**TASK INSTRUCTIONS**
Each entry below should appear again exactly as written, without pictures.

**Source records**
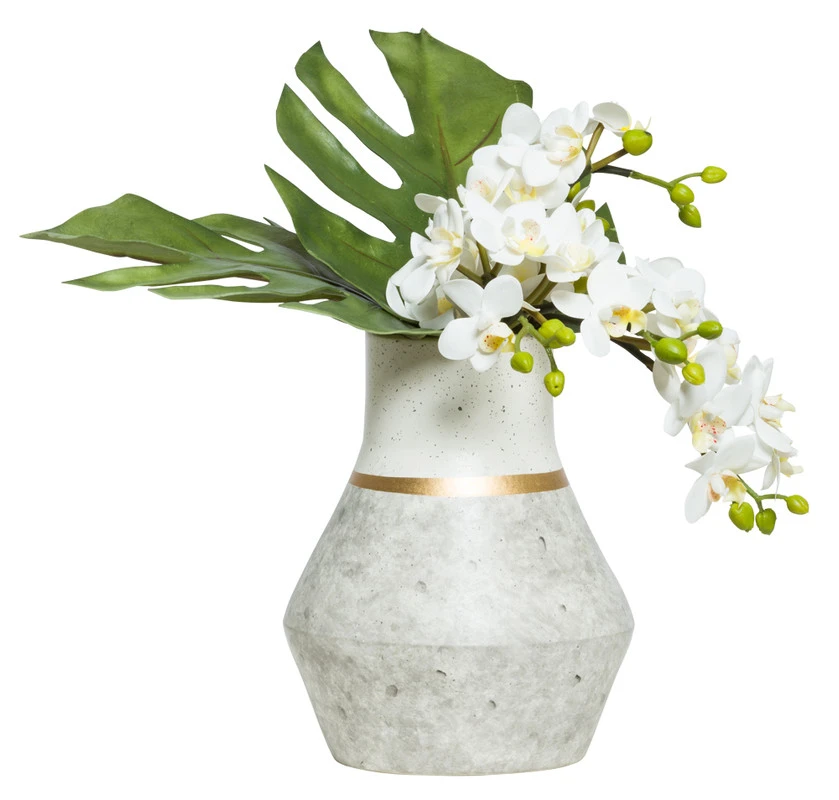 Искусственные растения в керамической вазе "Композиция с орхидеей и монстерой"
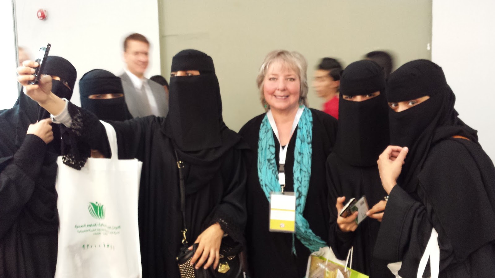 My favorite photo from 2015 is one that my husband actually took of me with several young Saudi women at the huge IECHE Education Fair that was held in Saudi Arabia's capital city of Riyadh in April 2015.  This annual fair is attended by thousands of Saudi students and their parents who are searching for the right institution of higher education for their child's chosen field.  The CPVPV (Committee for the Promotion of Virtue and Prevention of Vice, a.k.a. Saudi Arabia's religious police) even has a large booth at the event, trying to recruit new trainees.  The event is open to all and is free.  Hundreds of universities and technical schools from all over the world are represented, trying to attract students to their programs.  It is quite an impressive event.
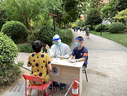 旅游分公司黨員張菁(右一)參加社區(qū)抗疫維護秩序。
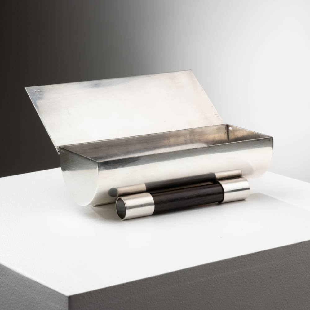 Silver cigar box, sleeve and base in silver and ebony wood. Attr. to Julia Keilowa Silver Hallmark.
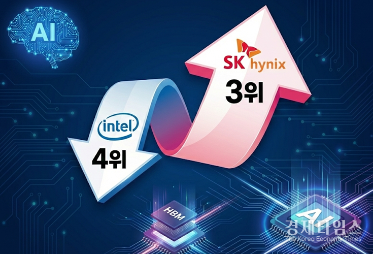 경제타임스 온인주 기자 | 인공지능(AI) 열풍이 글로벌 반도체 업계의 매출 순위 지도를 다시 그렸다. SK하이닉스가 고대역폭메모리(HBM) 시장 선점에 힘입어 인텔을 밀어내고 글로벌 반도체 매출 3위 자리를 꿰찼다. 반면 '반도체 제왕'으로 불리던 인텔은 매출 감소를 겪으며 4위로 내려앉았다.
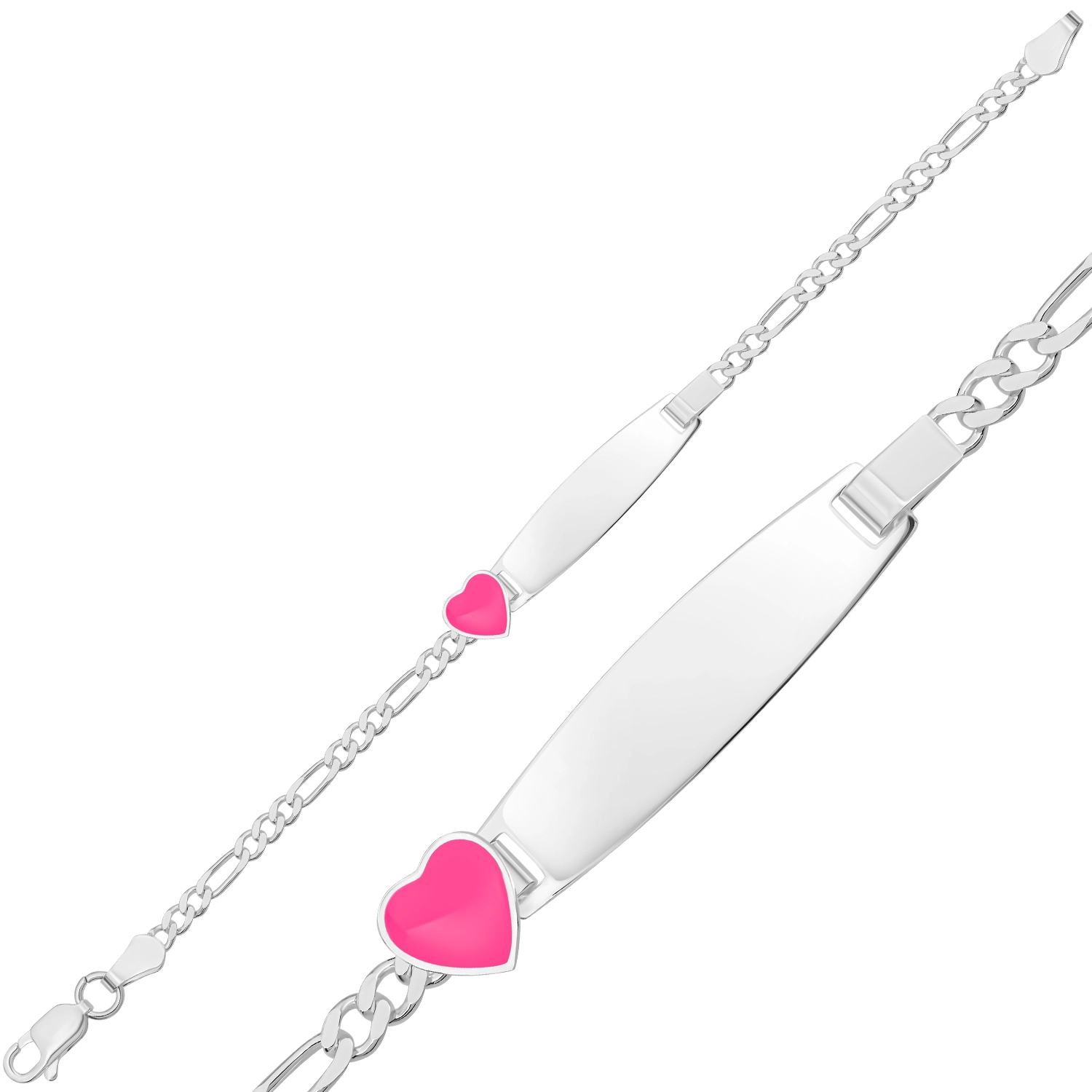 Pembe kalp figürlü, 925 ayar gümüşten üretilen ve çocuğunuza özel isimle kişiselleştirilebilen zarif çocuk künyesi.

**TASK OUTPUT**
 Искусственные растения в керамической вазе "Композиция с орхидеей и монстерой"
 My favorite photo from 2015 is one that my husband actually took of me with several young Saudi women at the huge IECHE Education Fair that was held in Saudi Arabia's capital city of Riyadh in April 2015.  This annual fair is attended by thousands of Saudi students and their parents who are searching for the right institution of higher education for their child's chosen field.  The CPVPV (Committee for the Promotion of Virtue and Prevention of Vice, a.k.a. Saudi Arabia's religious police) even has a large booth at the event, trying to recruit new trainees.  The event is open to all and is free.  Hundreds of universities and technical schools from all over the world are represented, trying to attract students to their programs.  It is quite an impressive event.
 旅游分公司黨員張菁(右一)參加社區(qū)抗疫維護秩序。
 Silver cigar box, sleeve and base in silver and ebony wood. Attr. to Julia Keilowa Silver Hallmark.
 경제타임스 온인주 기자 | 인공지능(AI) 열풍이 글로벌 반도체 업계의 매출 순위 지도를 다시 그렸다. SK하이닉스가 고대역폭메모리(HBM) 시장 선점에 힘입어 인텔을 밀어내고 글로벌 반도체 매출 3위 자리를 꿰찼다. 반면 '반도체 제왕'으로 불리던 인텔은 매출 감소를 겪으며 4위로 내려앉았다.
 Pembe kalp figürlü, 925 ayar gümüşten üretilen ve çocuğunuza özel isimle kişiselleştirilebilen zarif çocuk künyesi.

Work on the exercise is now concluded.